Ahem, so with great fanfare may I present to you, our dear readers, the editorial team. All of whom are as dedicated as myself to the guiding of ladies through the ocean of Jap mines that modern life has become:
Lady Penelope Primcoque - LITERATURE AND CULTURE
Audrey Feathersnatch - SULTRY KITCHEN MASTER
Vivienne Claybottom - THE LADY ADVENTURER
Lady Henrietta Wrinkleblouse-Smythe - OPERA & THE ARTS
Ms Delores Mantooth (pictured left, with close friend Marilyn) - FASHION & BEAUTY
So in this, our first post, it is only prudent for one to draw attention to the grave abuse of all that is proper, something which threatens the holy office of the Monarchy and brings impending doom to the Empire. Yes, I speak of the momentous occasion that occurred today when Prince Charles announced the engagement of his first born and heir to one Katherine Middleton. That is correct, your monocle has not fogged. Her family name is Middleton. One may as well just call oneself “Miss Mary Plainjane”. The overwhelming horreur (pardon my French) at this pronouncement was so great as to cause one to inhale a large portion of hot mustard from one’s morning toast and much undignified eye-watering did ensue.

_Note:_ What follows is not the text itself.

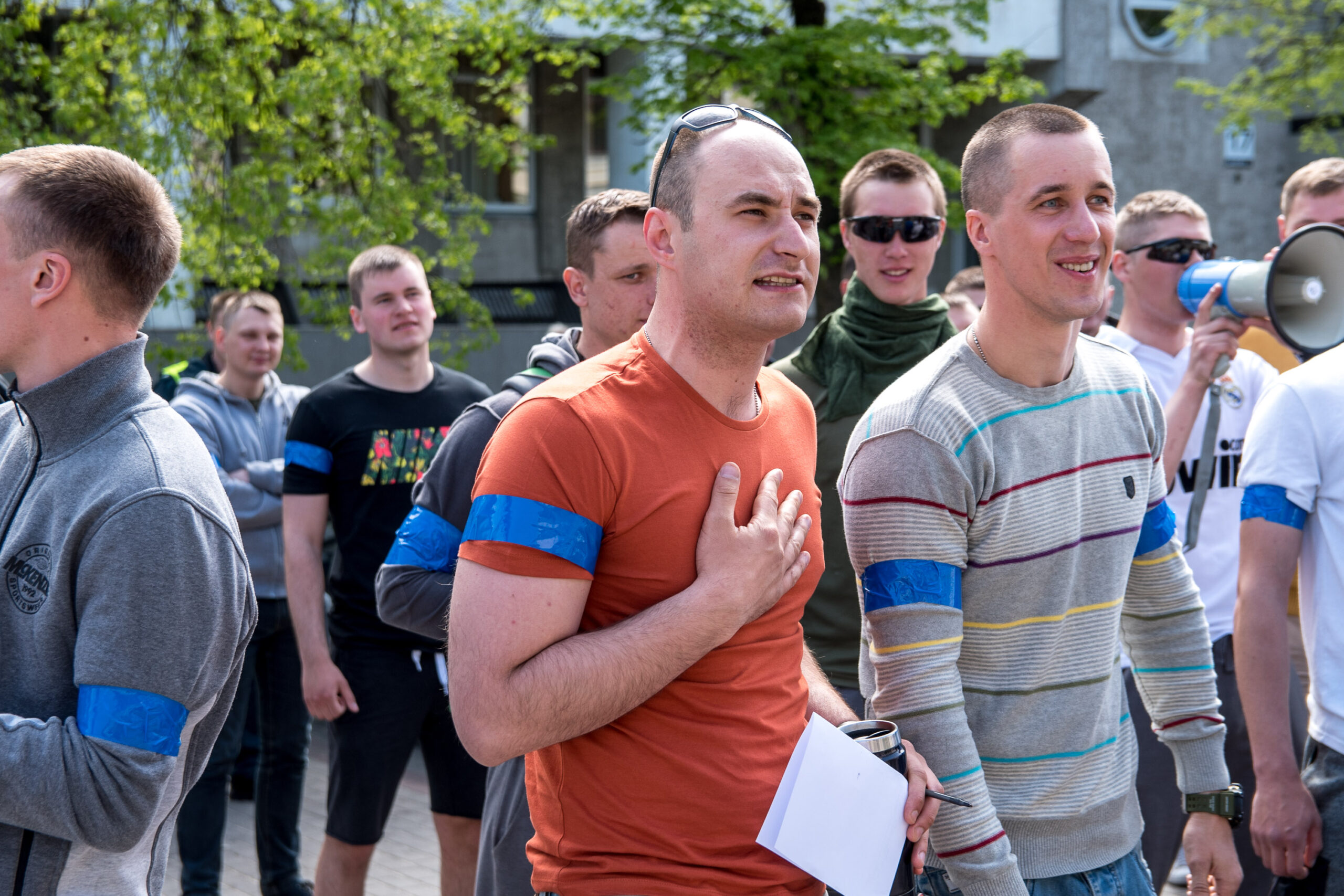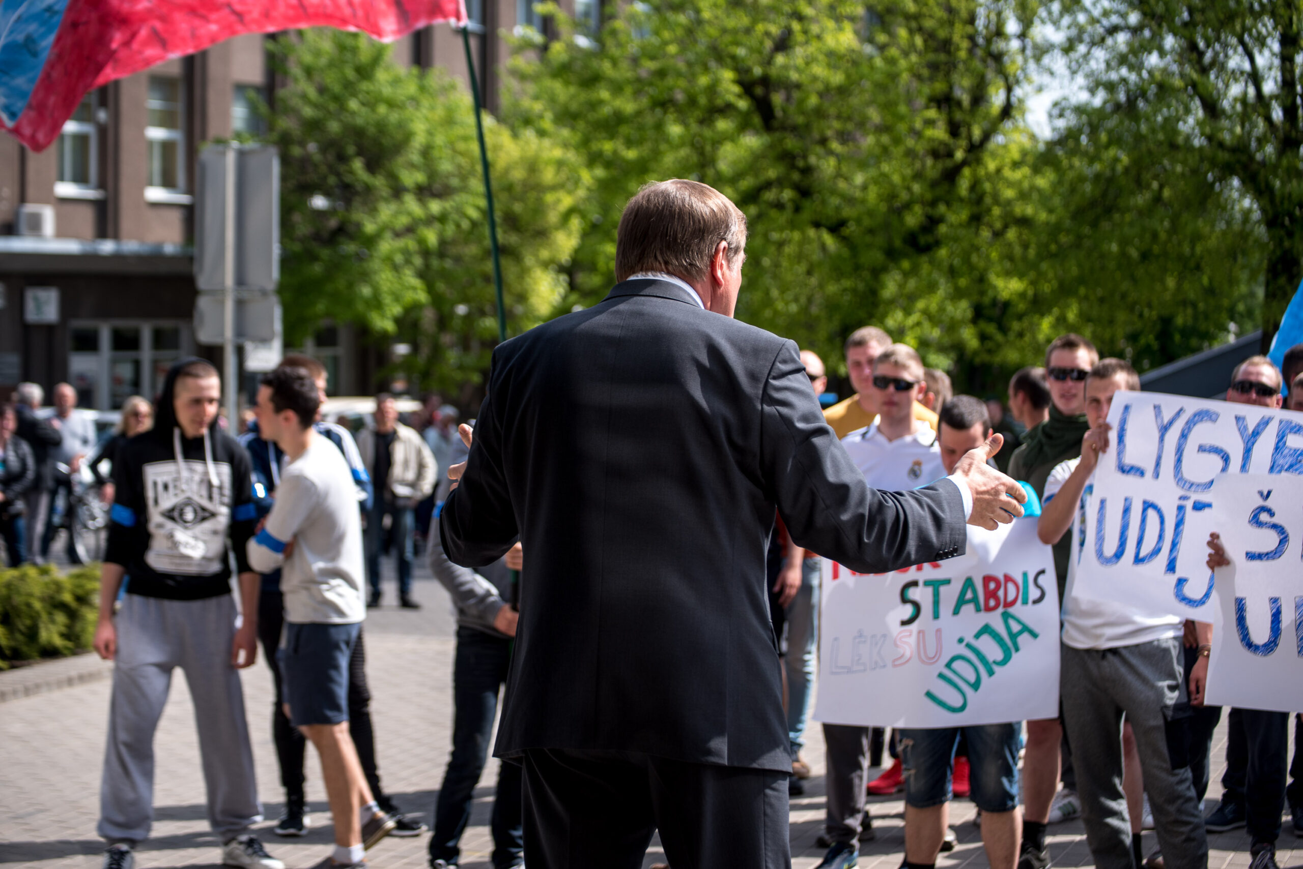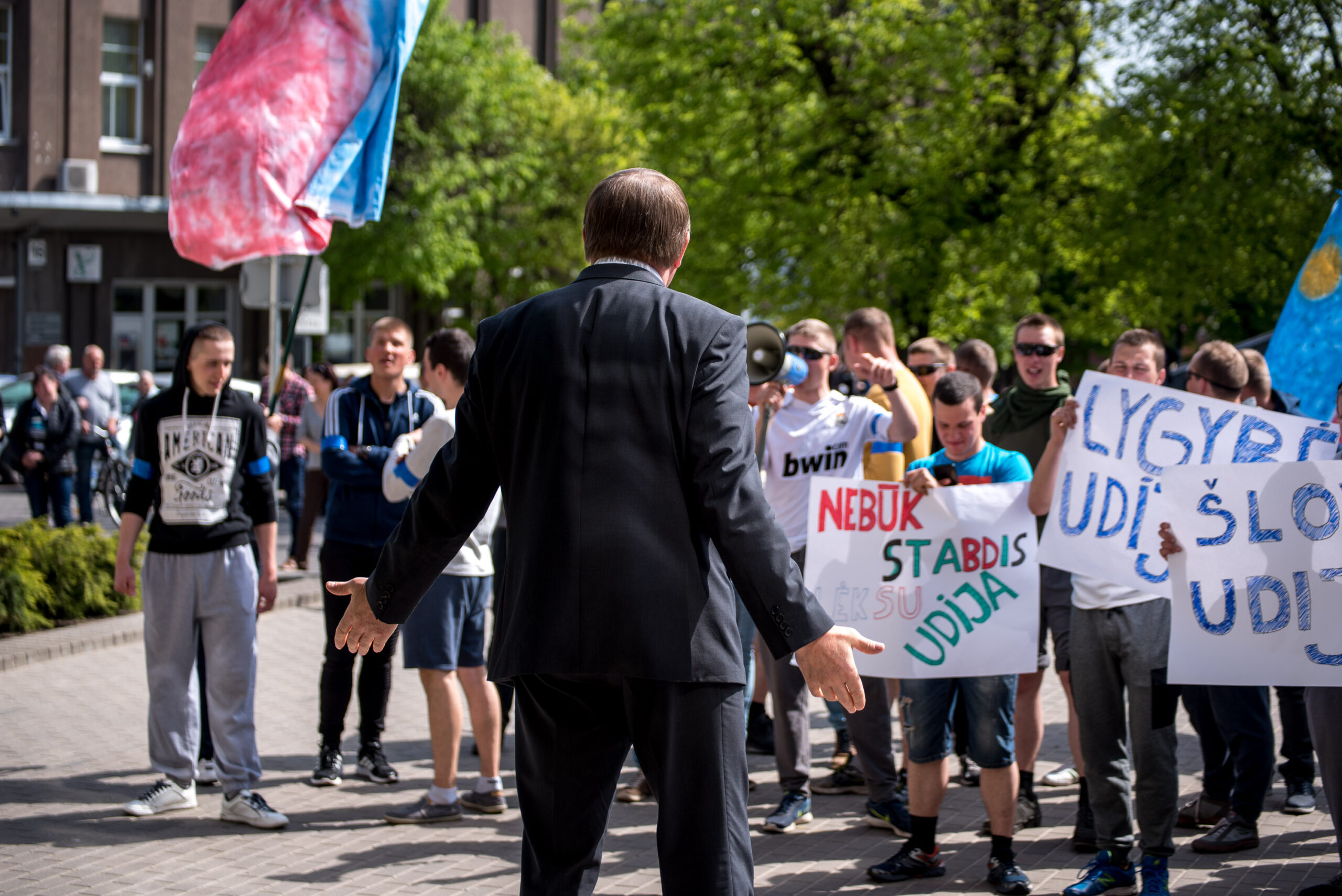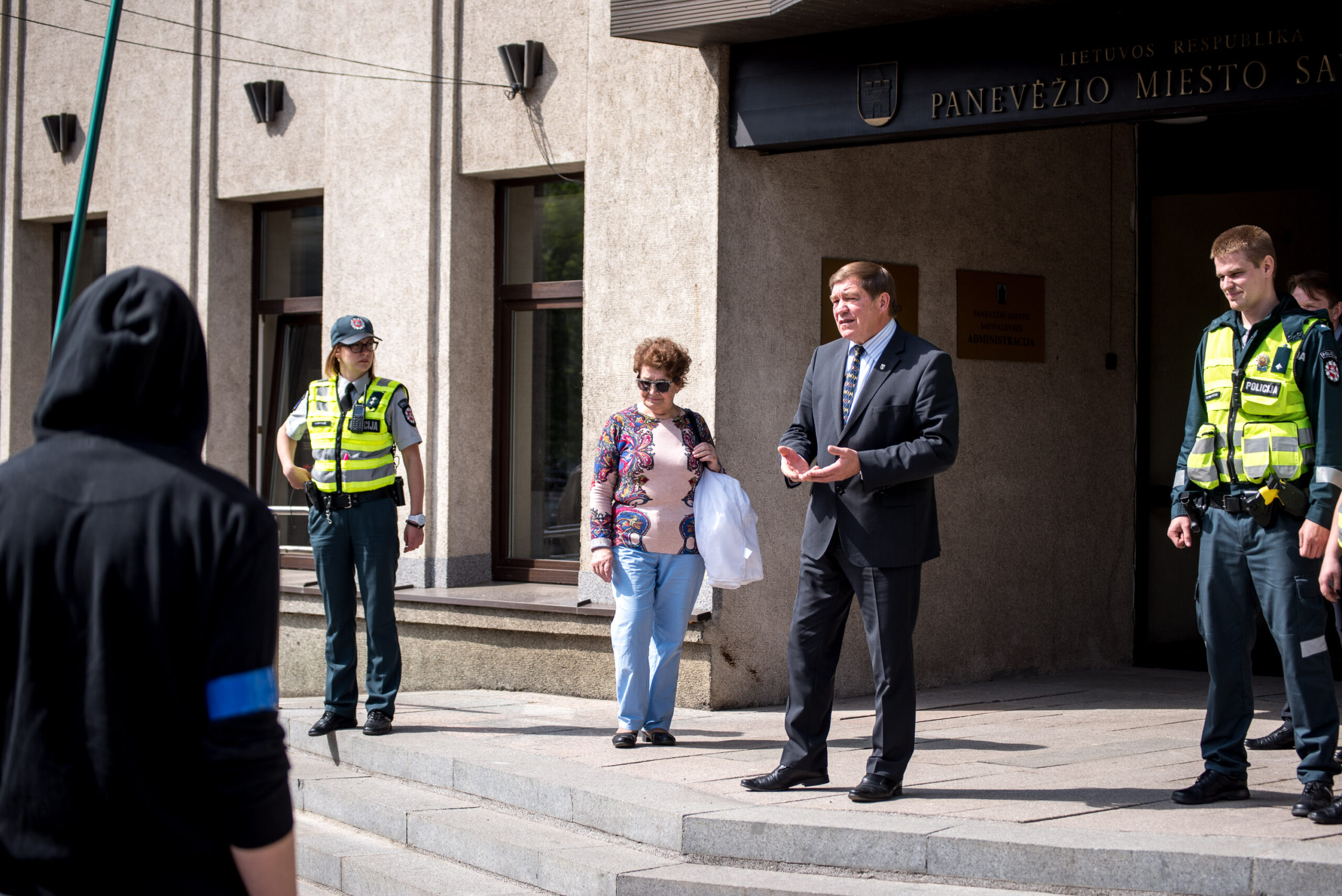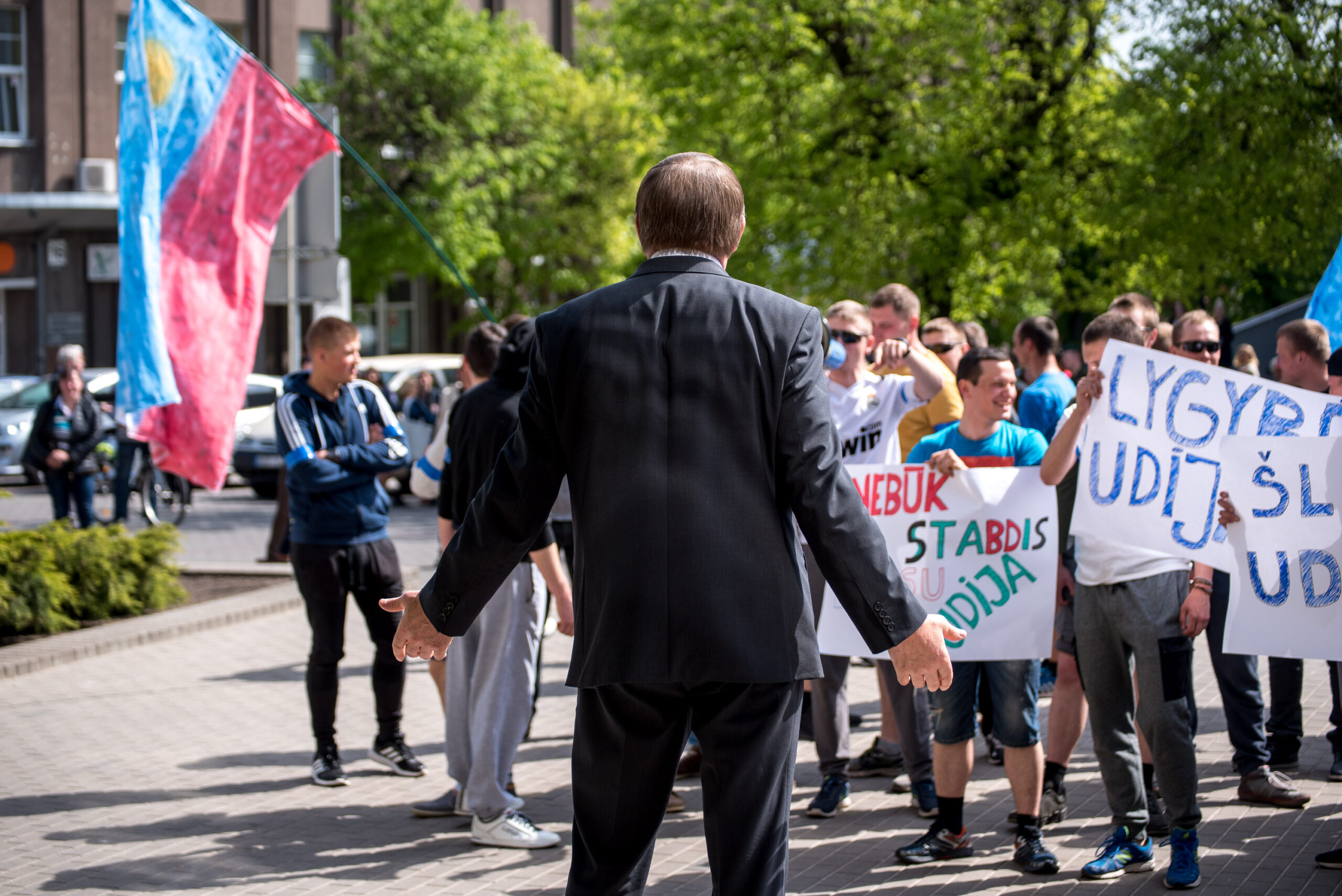 Kelios dešimtys mėlynais raiščiais ant abiejų rankų pasidabinusių vyrų garsiai reiškė savo pasipiktina, reikalavo miesto mero dėmesio ir kurstė nesantaiką. Įsisiautėjusių jaunuolių, vienas po kito, skubėjo raminti mero pavaduotojas Petras Luomanas, savivaldybės administracijos direktoriaus pavaduotojas Tomas Jukna bei kiti savivaldybės darbuotojai, tačiau protestantai vieningai tvirtino, kad kalbės tik su meru. Deja, penktadienio popietę Panevėžio vadovas Rytis Mykolas Račkauskas buvo išvykęs iš miesto, todėl nuraminti besipiktinančius nebuvo lengva.

So much so that the maid believed I had teared up with joy. Joy? Really, how crude. I fired her on the spot for such impertinence. One really cannot get good help these days. No matter, Lord Primcoque’s man is on the job of unearthing us a decent maid – not easy in this town. Nevertheless, back to the event at hand. Whilst one can only be pleased that the time-honoured Royal tradition of marrying one’s sister has fallen by the wayside, the introduction of common blood really has gotten out of control. Really, there is nothing to be done except to wish the happy couple a quick car chase in a narrow tunnel, for us five at The Gazette-ette feel we have been somewhat overlooked as royal brides and we’re not willing to lower the bar for that carrot Harry, regardless of the male pattern balding that William has begun to show.